Solved – the difference between a hierarchical linear regression and an ordinary least squares (OLS) regression

least squaresmixed modelmultilevel-analysisregression

I am conducting a research whereby I have a few independent variables (all of them are dummies), moderators (one is a dummy, the other is continuous) and a continuous dependent variable.

I was told to use the ordinary least squares regression (OLS), but what is the difference between the OLS regression and a hierarchical linear regression analysis?

Best Answer

Building hierarchical models is all about comparing groups. The power of the model is that you can treat the information about a particular group as evidence relating how that group compares to the aggregate behavior for a particular level, so if you don't have a lot of information about a single group, that group gets pushed towards the mean for the level. Here's an example:

Let's say we wanted to build a linear model describing student literacy (perhaps as a function of grade-level and socioeconomic status) for a region. What's the best way to go about this? One naive way would be to just treat all the students in the region as one big group and calculate an OLS model for literacy rates at each grade level. There's nothing exactly wrong with this, but let's say that for a particular student, we know that they attend an especially good school out in the burbs. Is it really fair to apply the county-wide average literacy for their grade to this student? Of course not, their literacy will probably be higher than average because of our observation about their school. So as an alternative, we could develop a separate model for each school. This is great for big schools, but again: what about those small private schools? If we only have 15 kids in a class, we're probably not going to have a very accurate model.

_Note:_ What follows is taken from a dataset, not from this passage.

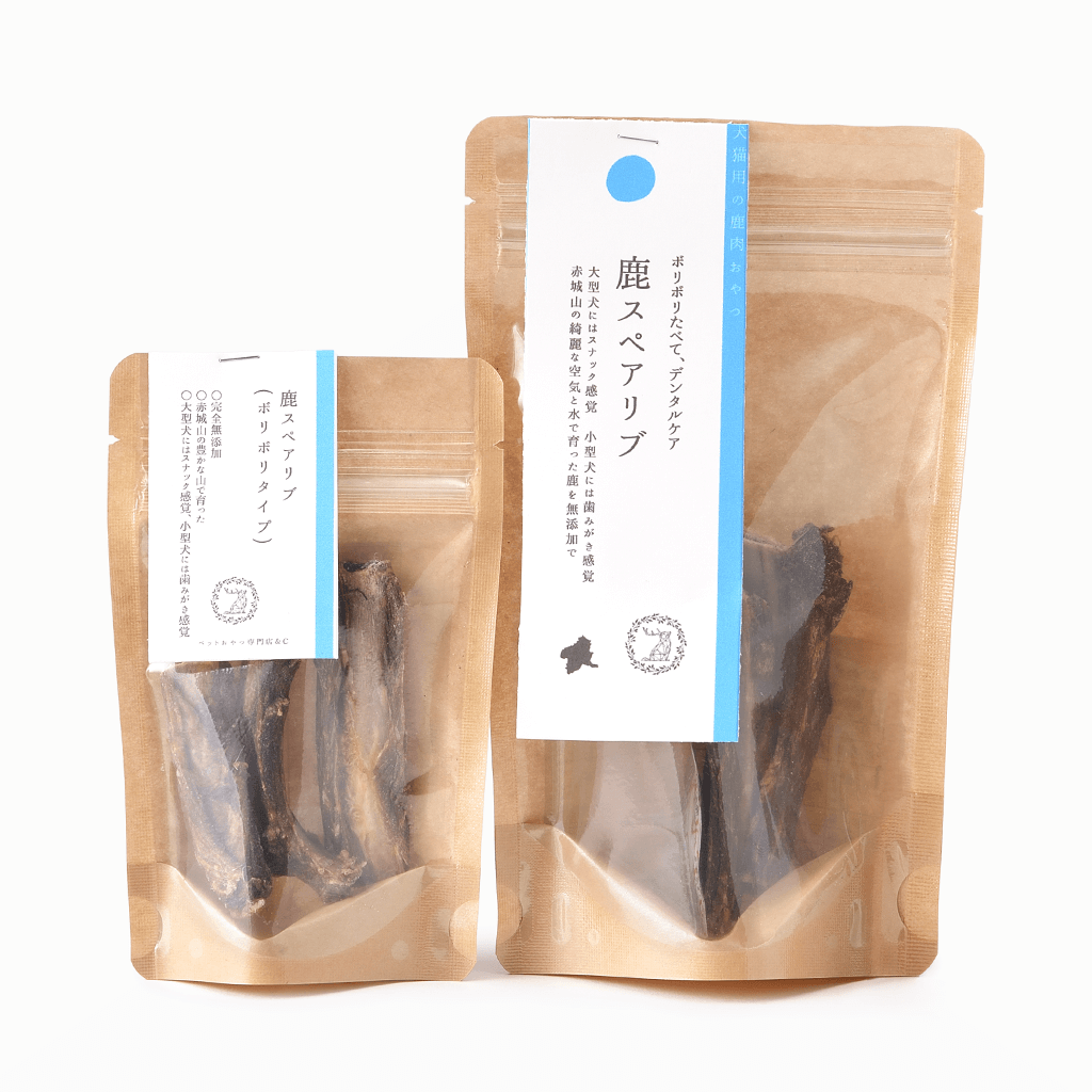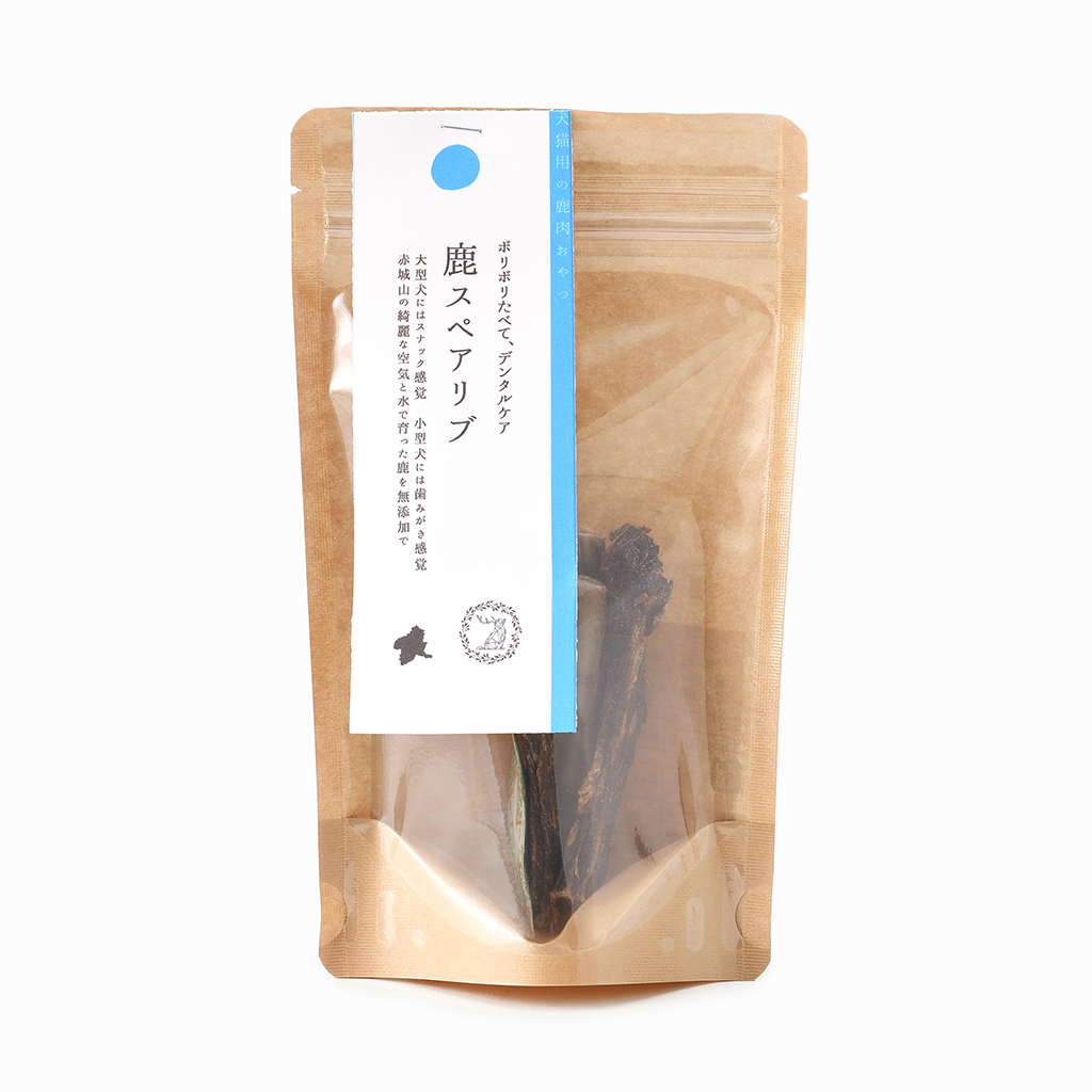 スペアリブに使うのは、鹿の中でも特に柔らかい骨。固すぎず、ポリポリと噛みやすいので、かじる楽しさを安全に味わえます。

Hierarchical models allow us to do both simultaneously. At one level, we calculate the literacy rate for the entire region. At another level, we calculate the school-specific literacy rates. The less information we have about a particular school, the more closely it will approximate the across-school mean. This also allows us to step up the model to consider other school districts, and maybe even go a level higher to compare literacy between states or even consider differences between countries. Anything going on all the way up at the country level won't have a huge impact all the way down at the county level because there are so many levels in between, but information is information and we should allow it the opportunity to influence our results, especially where we have very little data.

So if we have very little data on a particular school, but we know how schools in that country, state, and county generally behave, we can make some informed inferences about that school and treat new information as evidence against our beliefs informed by the larger groups (the higher levels in the hierarchy).